Approaches
Convolutional Neural Network
Convolutional Neural Network (CNN) is similar to a multilayer perceptron which has been designed for reduced processing requirements. The layers of a CNN consist of an input layer, an output layer and a hidden layer that includes multiple convolutional layers, pooling layers, fully connected layers and normalization layers.
As we can see from the image, after a series of operations, CNN is able to produce a summarised result which tells users what the input is (classification). Nevertheless, when it comes to object detection, which includes multiple objects which users want to identify, CNN is insufficient to support since it cannot tell where objects are.
A naive approach to solve this problem would be to take different regions of interest from the image, and use CNN to classify the object within that region. The problem is that the objects might have different spatial locations within the image and different aspect ratios. Thus, it induces a huge number of regions scanning and this could lead to computationally blow up.
Region with CNN [1]
Region with CNN (R-CNN) was the first approach proposed to improve the naive CNN method. It first adopts selective search to extract 2000 region proposals from the input, which are potential object to be classified by CNN.
More efficient as it is compared to CNN's unbounded box number production, it still takes a long time to train the network as it has to process 2000 region proposals per input, let alone make processing in real time. What's worse, the selective search algorithm does not learn since it is a fixed algorithm, which could cause the generation of bad candidate region proposals.
Fast R-CNN [2]
After realising the critical defect of R-CNN (i.e., computationally heavy), the author of R-CNN proposes a improved approach -- Fast R-CNN. It is similar to R-CNN. However, instead of generating then inputting the region proposals to CNN, it directly feed the input image to the CNN to generate a convolutional feature map, where Fast R-CNN identifies the region proposals are, and input them to next layer by using RoI pooling layer. From RoI feature vector, it predicts the class and also the location of the bounding box.
Even if Fast R-CNN is faster with only doing convolution operation once per input and generate region proposals later, it still cannot process in real time since the large number of region proposals is the bottleneck which affects its performance.
Faster R-CNN [3]
The fatal bottleneck for R-CNN and Fast R-CNN is the computational heaviness of selective search for region proposals generations. Therefore, Faster R-CNN is introduced to improve the efficiency of the workload by eliminating selective search. It applies another layer of network to detect region proposals, and reshaped them using a RoI pooling layer which is then used to classify the image in the proposed region and predict the location of bounding boxes.

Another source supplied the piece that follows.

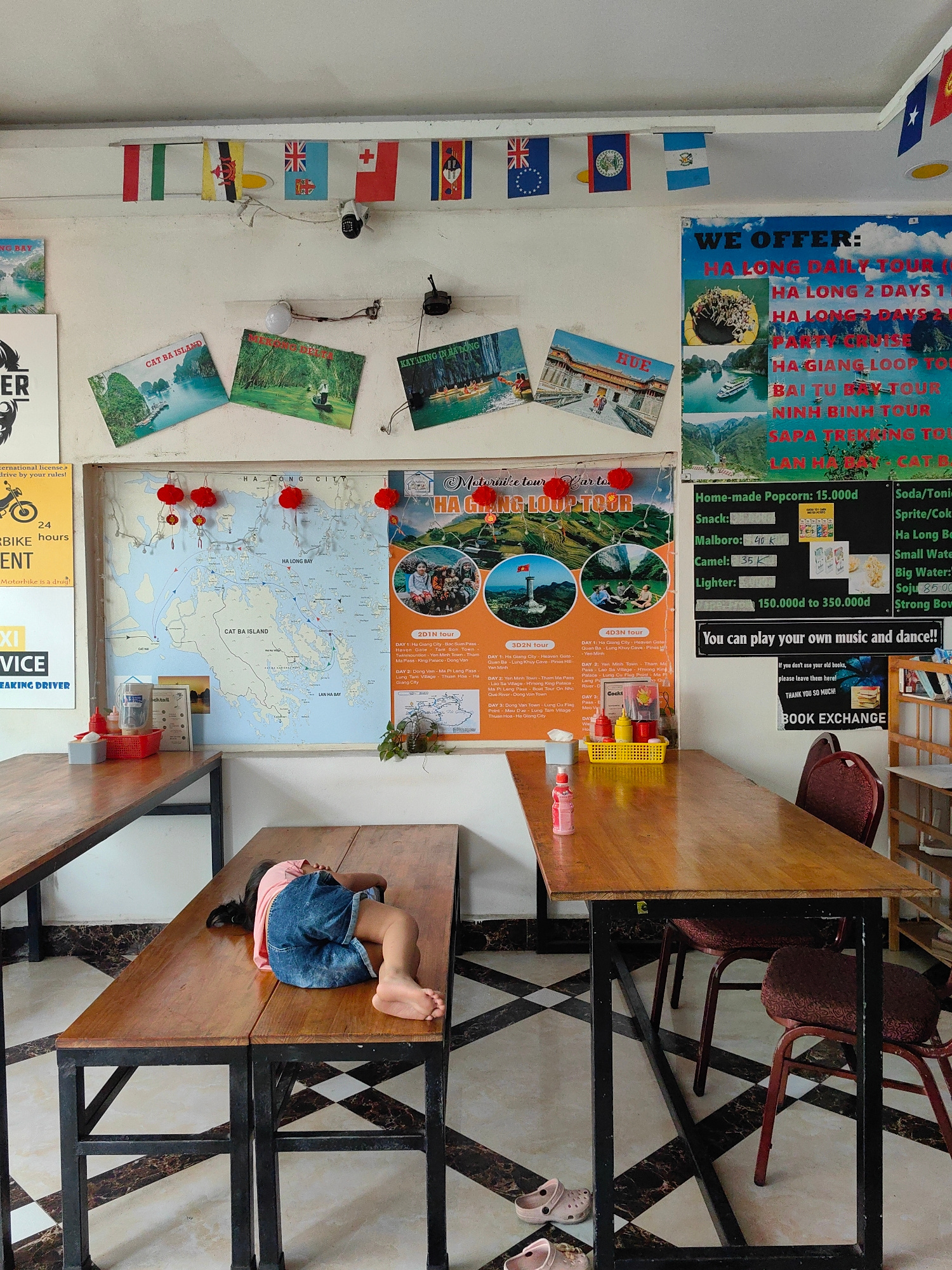 A young child sleeps on a wooden bench in a brightly lit room in Bai Chay Ward, Vietnam. The room appears to be a travel agency or tourist information center. Various flags hang near the ceiling, and…read more

The process is a lot faster and can almost be done in real time, but may not be ideal for self-driving scenario as it requires really fast processing.
You Only Look Once [4][5]
R-CNN, Fast R-CNN, and Faster R-CNN all have two steps processing an image -- classification (identify classes) and linear regression (determine boxes sizes and locations), and they rarely look at the entire input image. Different from the above two-step regional based approaches, You Only Look Once (YOLO) is proposed to predict bounding boxes and class probabilities for the boxes by a single convolutional network as the following figure.
YOLO first takes an input image and split it into an SxS grid. Then take m bounding boxes for each cell and the network predicts the result (location and size of the bounding box and the classes probabilities) for each bounding box. Next, choose the class with maximum probability for each cell to generate confidence by Pr(class) * IOU(ground truth), where IOU is the intersection of bounding box and ground truth. In the end, apply non-maximum suppression to remove overlapped or low confidence boxes and output the final predicted result.
YOLO is faster than other object detection algorithms. One limitation of YOLO is that it struggles with small objects within the image (e.g., it might have two cars in the same bounding box). However, this is negligible in our case as we tend to know whether there is an obstacle in the image; namely, as long as it can identify obstacle and help self-driving car avoid from it, it is acceptable to tolerate this limitation.